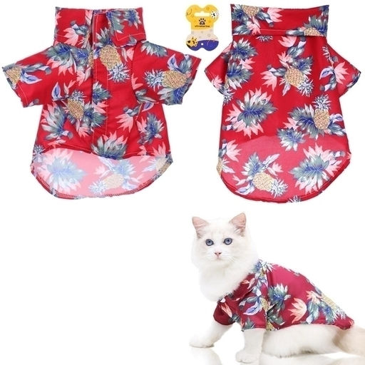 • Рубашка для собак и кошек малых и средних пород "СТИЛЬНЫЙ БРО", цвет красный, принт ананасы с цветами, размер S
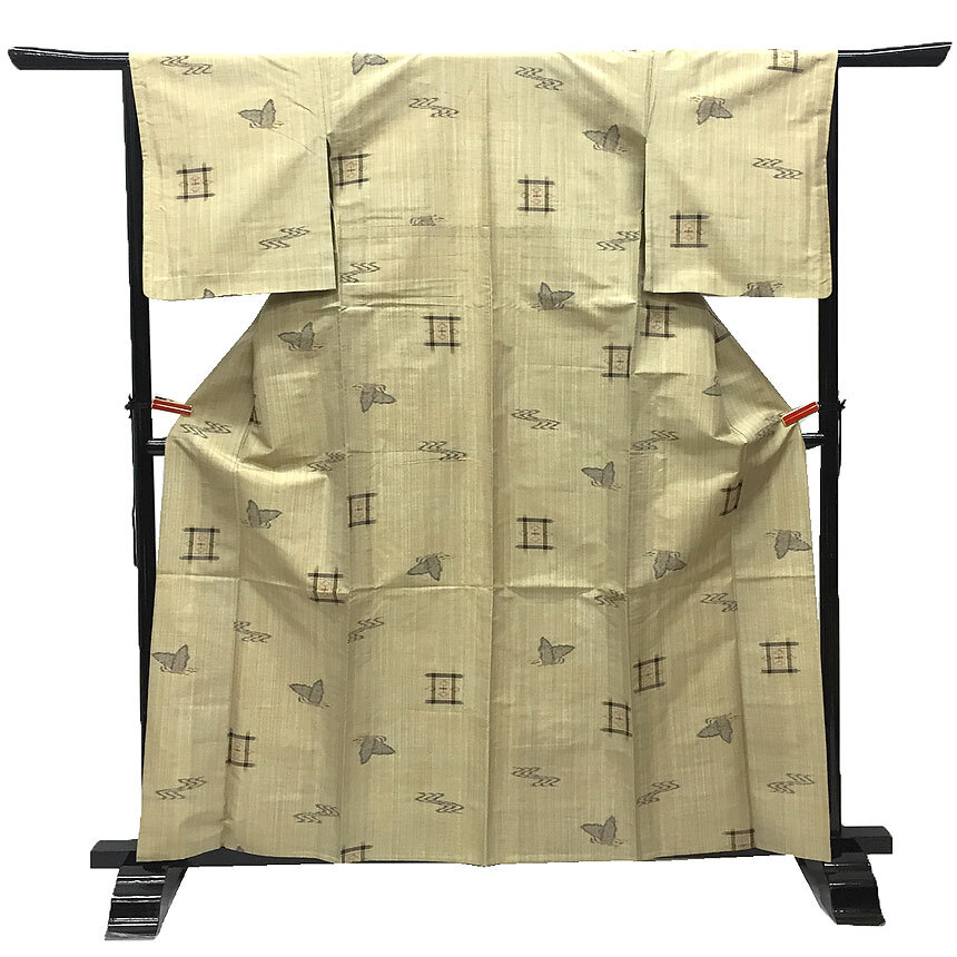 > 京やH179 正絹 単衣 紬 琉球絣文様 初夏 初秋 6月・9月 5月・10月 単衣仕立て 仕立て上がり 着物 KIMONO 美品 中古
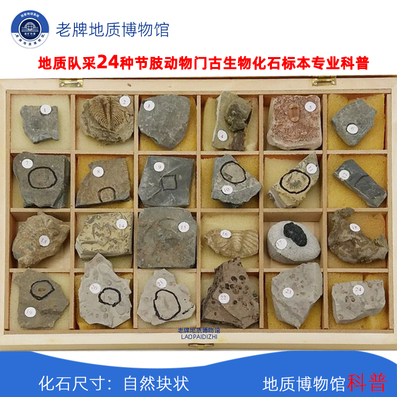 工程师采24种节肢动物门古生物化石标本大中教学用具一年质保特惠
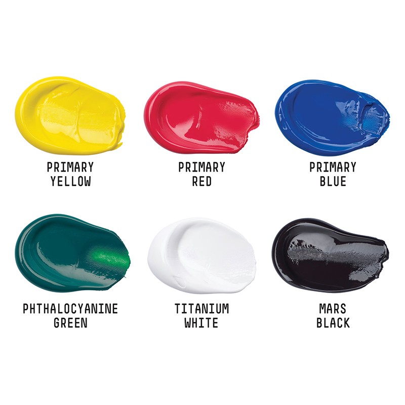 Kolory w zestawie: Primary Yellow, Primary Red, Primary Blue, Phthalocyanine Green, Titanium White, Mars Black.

▸ **Brief**
Reproduce the listing exactly, minus its pictures.

▸ **Answer section**
 • Рубашка для собак и кошек малых и средних пород "СТИЛЬНЫЙ БРО", цвет красный, принт ананасы с цветами, размер S
 > 京やH179 正絹 単衣 紬 琉球絣文様 初夏 初秋 6月・9月 5月・10月 単衣仕立て 仕立て上がり 着物 KIMONO 美品 中古
 工程师采24种节肢动物门古生物化石标本大中教学用具一年质保特惠
 Kolory w zestawie: Primary Yellow, Primary Red, Primary Blue, Phthalocyanine Green, Titanium White, Mars Black.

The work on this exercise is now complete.